Common Reasons for Rejection-and How to Avoid Them
Use of vague, non-binding language such as “expected,” “planned,” or “intended to launch”-the BOI requires all commitments to be quantified precisely, specifying exact timelines, volumes, and named suppliers;
Inadequate demonstration of technological autonomy-for example, stating merely “using equipment from a German brand” without evidence of local technical authorization, joint R&D agreements, or transfer-of-knowledge provisions;
A local procurement commitment below the historical average for comparable BOI-approved projects, without supporting documentation proving supplier capacity (e.g., production capability certificates, supply chain audit reports).

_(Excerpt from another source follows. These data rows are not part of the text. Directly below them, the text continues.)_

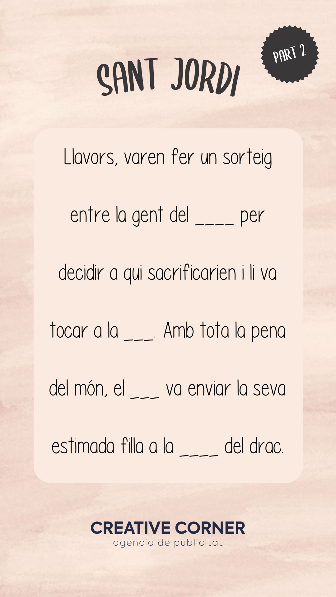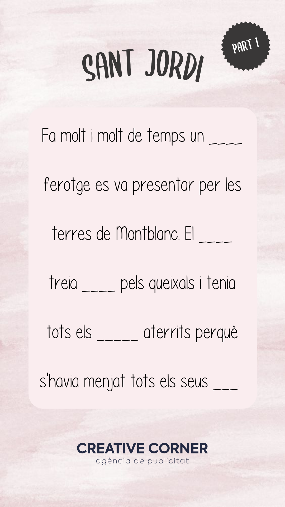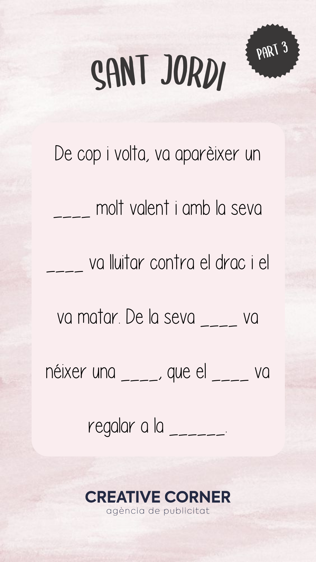 Aquest Sant Jordi, us portem un repte molt especial. Amb les plantilles descarregables, tindreu l’oportunitat de personalitzar la llegenda de Sant Jordi, la qual consta de 3 parts. Us animem a descarregar totes les plantilles i publicar-les a vostre Instagram Stories!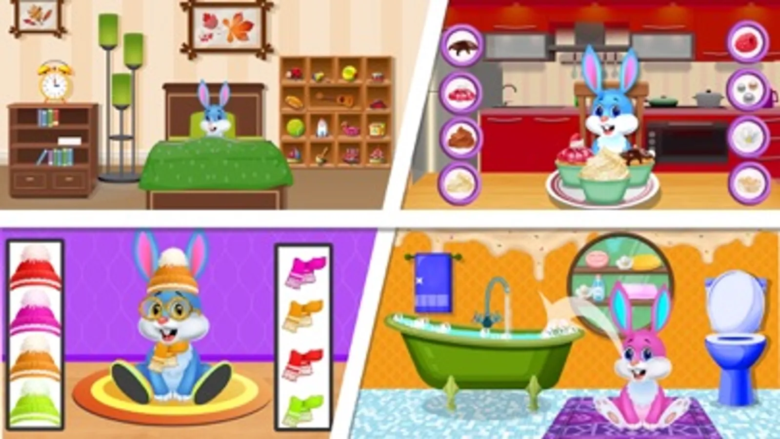 Adopt the cute bunny friend and help her to grow up, taking care of her, dress her up, decorate her sweet house, painting animals, cooks delicious food, and make her the cutest in bunny games. Style up your cute bunny friend and perform multiple activities & games to keep your pet busy. In house decorating bunny game you will not get bored. So, let’s get into the fashion and home decorating game and give your cute baby bunny the best look & perform different tasks to clean the house. The bunny rabbit games will not fail to make you feel enjoyable in her dream home.
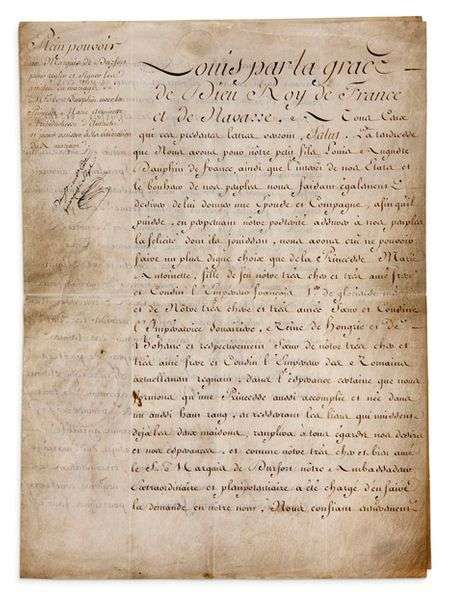 Plein pouvoir donné au marquis de Durfort pour négocier le mariage du Dauphin, futur Louis XVI, avec Marie-Antoinette. [Le mariage sera célébré à Vienne le 19 avril suivant, Durfort signant l'acte au nom du Dauphin.] «La tendresse que Nous avons pour nôtre petit fils Louis Auguste Dauphin de France, ainsi que l'interêt de nos Etats et le bonheur de nos peuples nous faisant également desirer de lui donner une epouse et compagne, afin qu'il puisse, en perpetuant nôtre posterité assurer à nos peuples la felicité dont ils jouissent, nous avons crû ne pouvoir faire un plus digne choix que de la Princesse Marie Antoinette, fille de feu nôtre très cher et très amé frere et cousin l'Empereur François Ier de glorieuse mémoire et de nôtre très chere et très amée soeur et cousine l'Impératrice douairière, Reine de Hongrie et de Boheme et respectivement soeur de nôtre très cher et très amé frere et cousin l'Empereur des Romains actuellement régnant»... Le marquis de Durfort a été chargé de faire la demande au nom du Roi, et «en qualité de nôtre Ambassadeur Extraordinaire et plenipotentiaire à ce specialement autorisé, conferer, négocier et traiter avec un ou plusieurs commissaires revetûs de pareils pouvoirs [...] d'arrêter, conclurre et signer en nôtre nom les articles et conventions de mariage [....], regler et accorder les dot, assignat et conventions d'iceux, convenir des termes du payement de la dot, donner et accepter de part et d'autre les promesses, obligations et sûretés qui seront nécessaires [...], comme aussi d'assister ensuite comme temoin de nôtre part aux cérémonies des fiançailles et des épousailles qui se feront en face d'Eglise»... On joint une chemise maroquin rouge ornée de fleurs de lys au dos et des armes royales sur les plats.

Ongoing Obligations After Approval
Submit annually audited financial statements and operational reports to the BOI, detailing: the percentage of foreign employees; R&D expenditure amounts; and export revenue as a share of total revenue;
Notify the BOI in writing within 30 days-and obtain re-approval-if material deviations occur from the approved scope (e.g., a change in core business activity or a reduction in production capacity exceeding 30%);
If seeking to continue benefits beyond the initial tax exemption period (e.g., reinvestment tax credits), submit a new eligibility assessment application at least six months prior to expiry.
The above outlines essential facts and practical considerations for Chinese investors applying for BOI promotion after registering a company in Thailand. Should you have further questions-or wish to explore sector-specific entry criteria, standardized document templates, or strategies for managing critical deadlines-we recommend cross-referencing your project against the BOI’s latest official announcements and engaging a qualified local legal or advisory firm familiar with Thai commercial regulations for pre-submission compliance review.